Thomas Cangemi, Chairman, President and CEO
Yes. To add, we anticipate two more programs coming on in this quarter. I believe last night we received notification of another anticipated win, and we had another win about a week ago, so for Q3 we expect two additional programs—one fee-generated and one deposit-generated with zero cost of deposits. We're diversifying our funding base and moving away from dependency on wholesale finance. We picked up about $400 million in deposits from our own customers from January 1 through June 30—getting our fair share of what's ours. This initiative is a cultural shift: when we do loans we want the deposit relationship also. Our lending team and retail strategies are working together; handoffs from lending to retail to private banking are being executed, and it's starting to show results. We're focused on funding the balance sheet more like a traditional bank over time, which will reduce our dependence on wholesale funding. The combined benefit of Flagstar and NYCB will provide lots of optionality as we figure out rate movements and funding strategies.
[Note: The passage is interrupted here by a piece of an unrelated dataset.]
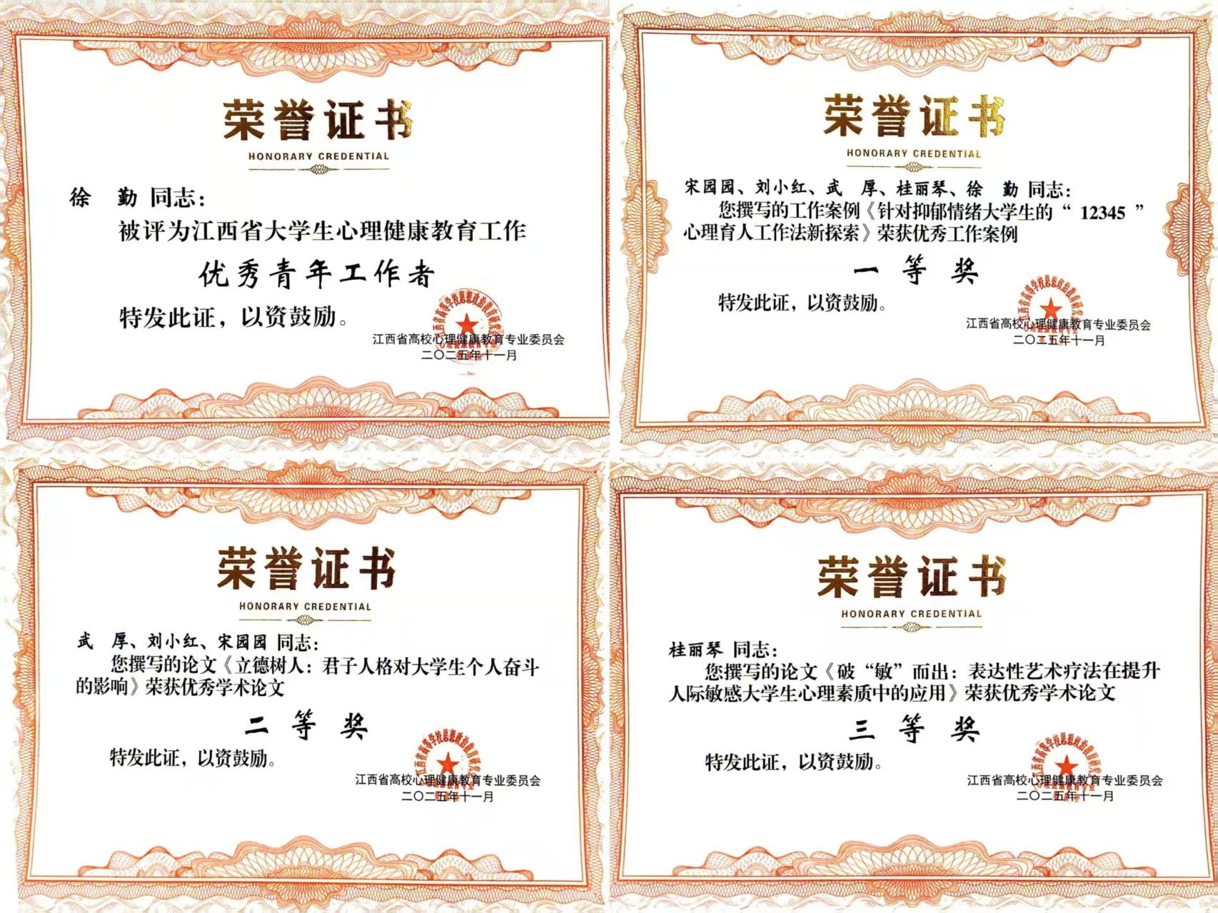 本次年会表彰了年度优秀集体与个人,我校教师表现突出。其中,徐勤老师获评“江西省大学生心理健康教育工作优秀青年工作者”;宋园园等人提交的案例《针对抑郁情绪大学生的“12345”心理育人工作法新探索》荣获优秀工作案例一等奖;武厚等人的论文《立德树人:君子人格对大学生个人奋斗的影响》获优秀学术论文二等奖;桂丽琴的论文《破“敏”而出:表达性艺术疗法在提升人际敏感大学生心理素质中的应用》获优秀学术论文三等奖。

Steven Alexopoulos, Analyst
If we stay at $4 billion of deposits from loan customers, how do you size that potential and what are you doing to get that kind of growth? Are you bundling pricing with new loans?
Thomas Cangemi, Chairman, President and CEO
To be simplistic, our lending relationships are relatively short on average—perhaps two and a half to three years—so we have repeated opportunities to win deposit relationships. Historically many transactions were handled without us getting the deposit account. I've made it a priority: if you want the lending relationship, we want the deposit and operating accounts. It's part of our cultural change. We're working to get our fair share of customer deposits, leveraging technology partners and Banking as a Service relationships to capture deposits and fees. We are also working on lines of credit for our best customers where deposit relationships are part of the arrangement. We're ramping up, and while we won't give firm numbers today, we expect to grow this line of business into next year as we hire and deploy people in the field to capture local market relationships.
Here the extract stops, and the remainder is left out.